The council said the products, including delta-8 THC, delta-10 THC, and THC-A products, may have more THC in them than federally allowed.

The ordinance, which was sponsored by Councilor Dan Lewis and passed on a 7-2 vote, prohibits operating a business that chemically or synthetically alters hemp to exceed 0.3% THC. It also prohibits the sale, advertisement, offer for sale, or manufacture of the intoxicating hemp products.

That means purchasable items like gummies, cartridges for vape devices, drinks, hemp cigarettes and other hemp-derived products must have less than 0.3% THC, or else the business selling them could lose its license. It doesn’t apply to hemp products without THC or any legal cannabis.

Federal law allows the sale of hemp-derived products that contain less than 0.3% THC, although that is widely seen as a loophole in the U.S., where cannabis is still federally illegal. But some of those products have higher levels of THC, which, Lewis argued Monday, was a problem.

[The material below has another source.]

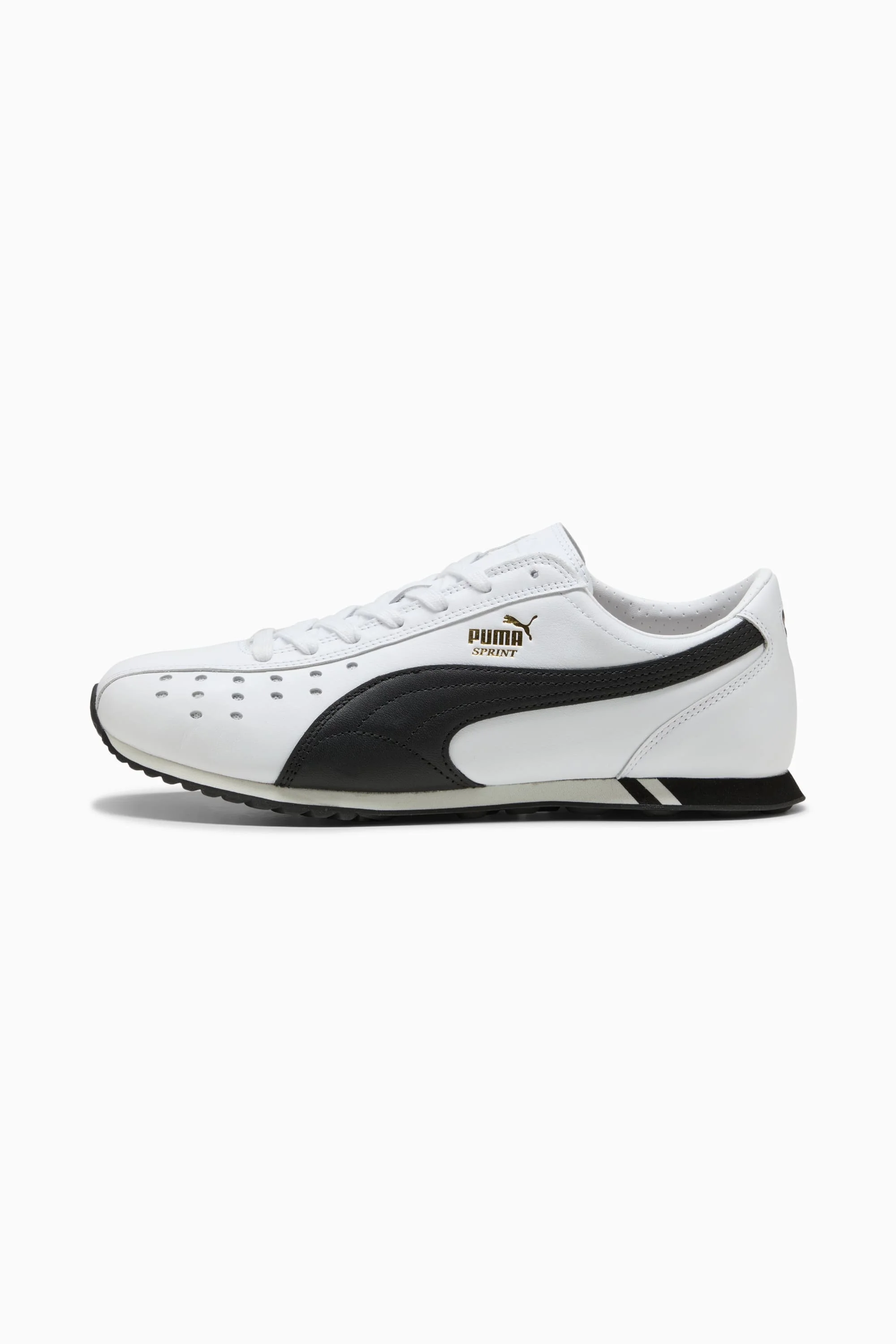PRODUCT STORY The PUMA Sprint was born in the 2000s as a running shoe and hasn't slowed down since. Today we're bringing this running icon out of the archives and into the streets. DETAILS - Style: 402960_01 - Color: PUMA White-PUMA Black - Width: Regular - Toe Type: Rounded - Fastener: Laces - Heel type: Flat - Moulded footbed MATERIAL INFORMATION - Midsole: 100% Synthetic - Sockliner: 100% Textile - Outsole: 100% Rubber - Upper: 98.22% Leather - cow, 1.78% Synthetic - Lining: 100% Synthetic

“This is a product that’s not being regulated by the state,” Lewis said. “It’s really poison that’s being marketed to children.”

No data was presented about how prevalent the products are. Visits to Albuquerque smoke shops and independent gas stations revealed that buying intoxicating hemp-derived products was easy to do and only sometimes required a license.

But questions abound about the future of the ordinance.

The 2018 Farm Bill, the federal government’s primary policy tool for regulating food and agriculture, as well as establishing the Supplemental Nutrition Assistance Program, removed hemp and its byproducts from the list of controlled substances. The same move allowed for the proliferation of cannabidiol (CBD) products.

However, the federal legislation made no mention of delta-8 and delta-10, which is derived from hemp, not cannabis, allowing companies to produce and sell items such as vape device cartridges, intoxicating hemp cigarettes and edible gummies.

Councilor Brook Bassan raised the question of enforcement during Monday’s meeting.

“Are we even going to be able to do this as a city?” Bassan asked.

Samantha Sengel, the chief administrative officer, said the city could not test the intoxicating hemp products and would, therefore, have to send them to a laboratory for testing.

She added that the city’s Environmental Health Department had concerns about achieving compliance from smoke shops, given the significant personnel commitment required to send inspectors to every smoke shop, gas station and CBD seller in the city.

“Everyone is in the fact-finding stage right now to know what that impact would be,” Sengel said before the council approved the measure, adding that they’d likely have to come before the council in the future to ask for money to fund enforcement mechanisms, whether that be more staff or more money.

Educating smoke shops and gas stations about the law change, another provision of the ordinance, would be accomplishable, Sengel said.

Councilor Tammy Fiebelkorn joined Bassan in opposing the bill.

“This is not a regulation. This is a prohibition,” Fiebelkorn said.